Cleaning Out The DVR: Widsom (dir by Emilio Estevez)


(I recorded the 1986 film, Wisdom, off of Retroplex on Mary 1st.)

 

(SPOILER ALERT!  The ending of this film is so extremely stupid that there’s no way I’m not going to discuss it in this review.)

Meet John Wisdom (Emilio Estevez)!

He’s got one of those ironic names, as people in pretentious movies often do.  He’s extremely naive but his name is Wisdom.  He does a lot of stupid crap but his name is Wisdom.  And I guess the audience is meant to feel that Wisdom understands more than even he knows.

Or something like that.

Who knows?

Anyway, John Wisdom has got some issues.  He’s a college dropout who can’t get a good job because he has a criminal record.  He didn’t really do anything wrong, of course.  All he did was steal a car on the night of his high school graduation.  Hey, who hasn’t done that?  Anyway, Wisdom would be happy to just spend all day sitting around in his bathtub but his father (Tom Skerritt) insists that Wisdom find some sort of employment.

Eventually, Wisdom ends up working in a fast food restaurant.  It turns out that he’s not very good at it, which leads me to suspect that Wisdom probably wouldn’t be very good at any of the other jobs that he was pursuing either.  To be honest, the main reason that Wisdom works at the restaurant is so that Charlie Sheen can have a cameo as Wisdom’s boss.

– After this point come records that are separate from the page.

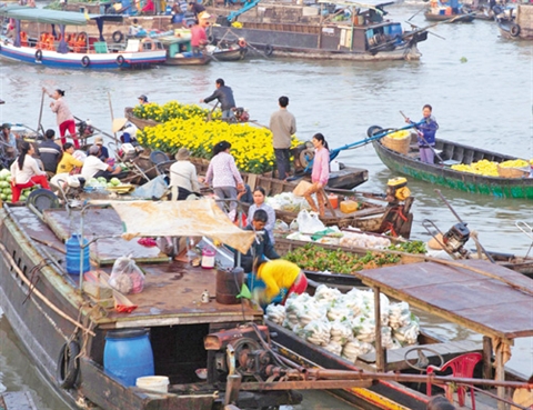 Le delta du Mékong s'étend sur une immense plaine fertile traversée par les neuf bras du fleuve. Il possède plusieurs marchés flottants comme ceux de Nga Bay (Hâu Giang), Cai Rang et Phong Diên (Cân Tho), Cai Bè (Tiên Giang), Châu Dôc (An Giang)... Lorsque le transport routier était moins pratique, la population de la région commerçait directement sur le fleuve. Mais aujourd’hui, l’activité de ces marchés diminue de plus en plus.
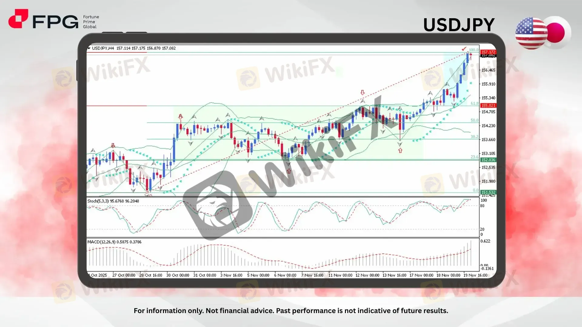 Momentum indicators are showing early signs of overextension. The Stochastic Oscillator (5,3,3) is deep in overbought territory, hovering near extreme levels, suggesting potential exhaustion. Meanwhile, MACD shows steady histogram expansion, confirming that buying pressure remains active, though a slowdown in momentum could trigger a temporary correction phase. This setup places USDJPY at a decisive point, likely to either push through 157.17 for continuation or pause for correction.
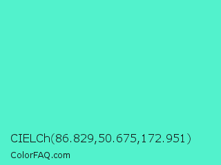 CIELCh 86.829,50.675,172.951 Color is a light cyan color and the nearest color is Turquoise #40e0d0. Hex code #52f2cc and RGB value is rgb(82,242,204). In RGB color space, this color is composed of 32% red, 95% green, 80% blue, In CMYK color space, this color is composed of 66% cyan, 0% magenta, 16% yellow , 5% black , In HSL color space, this color has a hue angle of 166° , 86% saturation and 64% lightness.
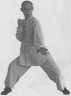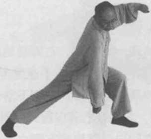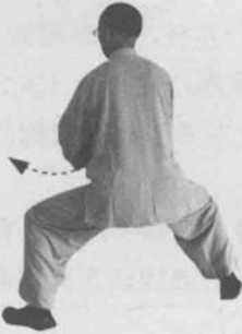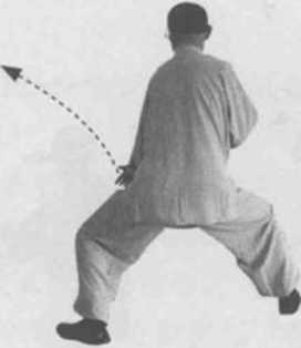 2 右转身。同时左手逆缠走左前下弧线转向裆部左前下方变顺缠右手由逆缠变顺走右上弧线转向右肩前侧并握拳。(图8-152图8-152附图)
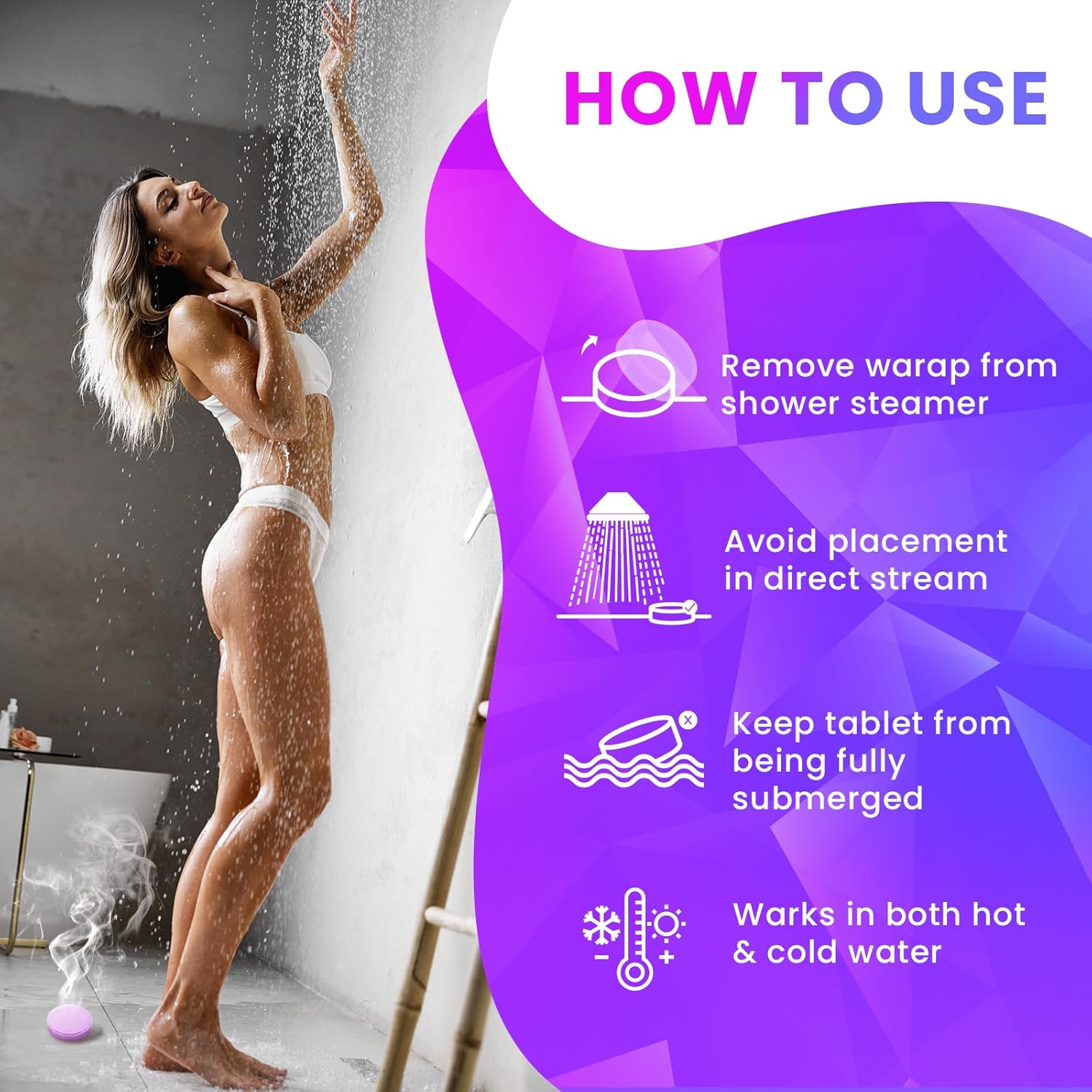 Self Care & Home SPA: Our aromatherapy shower steamers gifts for women and men are made cruelty-free with essential oils, natural fragrances and offer pleasantly strong scents. Enjoy the benefits of an aromatherapy spa from home. Enjoy daily serenity as you shower the stress away. No need for a bathtub, place one of your shower melts in the corner of your shower and do not submerge it. Breathe slowly and deeply and enjoy the moment.

(Strangely, Martin Sheen is nowhere to be found in the movie.  It wouldn’t surprise me if Emilio Estevez — who both directed and wrote the script — originally envisioned Martin playing his father.  Tom Skerritt does an extended Martin Sheen impersonation as Daddy Wisdom.)

Anyway, Wisdom decides that since the system refuses to give him a fair chance, he’s going to live the rest of his life as an outlaw.  So, Wisdom starts to rob banks.  However, instead of stealing all of the money, Wisdom is more interested in setting fire to mortgage and loan records.  Wisdom explains, via voice over, that he’s concerned about the working people who keeps getting screwed over by the banks.  That’s all good and well but I thought the whole reason that Wisdom started robbing banks was because there was no other way for him to make any money.  So, when did Wisdom go from being a greedy criminal to an altruistic rebel?

Naturally, Wisdom and his girlfriend, Karen (Demi Moore), becomes folk heroes.  Everyone wants to meet Wisdom and protect him from the police.  But eventually, Karen gets gunned down by a police helicopter.  Poor Karen.  She didn’t even want to rob banks.  Well, actually, she did want to rob banks.  And then she didn’t.  And then she did again.  Karen’s motivation and personality changes from scene-to-scene, largely because she’s a poorly written character.  But no matter.  She’s dead now.

But Wisdom’s still alive!  Except, soon, he finds himself surrounded by cops.  Standing in the middle of a football field (Oh my God!  The symbolism!), Wisdom is gunned down by law enforcement…

…except suddenly, Wisdom’s back in the bathtub.  Apparently, he was just daydreaming about his girlfriend getting gunned down in front of him.  Wait … what?  Seriously, what type of ending is that!?  At the very least, the film could have ended with Wisdom robbing a bank for real and accepting that his dream is destined to come true.  I mean, that would have been stupid but at least it would have been something.  Instead, things end with Wisdom leaving the bathroom.

So, basically, the entire film was just Wisdom daydreaming about robbing banks and eventually getting gunned down on a football field.  Oh, Wisdom.  You got some issues, sweetie!

Emilio Estevez directed this film a year after appearing in The Breakfast Club.  Like many directorial debuts, it’s incredibly dumb.  You can tell that Estevez wasn’t sure what he wanted to say but he was still damn determined to say it.  Why do so many actors end up directing such pretentious and/or boring movies?  On the plus side, there were a few attempts at deliberate humor (Wisdom is not a particularly organized bank robber) and Demi Moore did a fairly good job playing an inconsistent character.  Otherwise, Wisdom is mostly memorable for having one of the worst endings of all time.

2 responses to “Cleaning Out The DVR: Widsom (dir by Emilio Estevez)

  1. Pingback: Lisa’s Week In Review — 5/7/2018 — 5/13/2018 | Through the Shattered Lens

  2. Estevez’s direction was competent enough for a first timer but he was working with a script that desperately needed a rewrite or ten. There is no real plot that makes any kind of logical sense, the various shifts in tone don’t gel and the characters are all thin soup. And you are so right about the ending- it just doesn’t work at all. His follow-up film, Men at Work, isn’t much better, although at least it has an ending that makes sense compared to Wisdom.

    Thankfully, Estevez would improve as a filmmaker later in the 90s-2000s: The War at Home, Rated X, Bobby, The Way.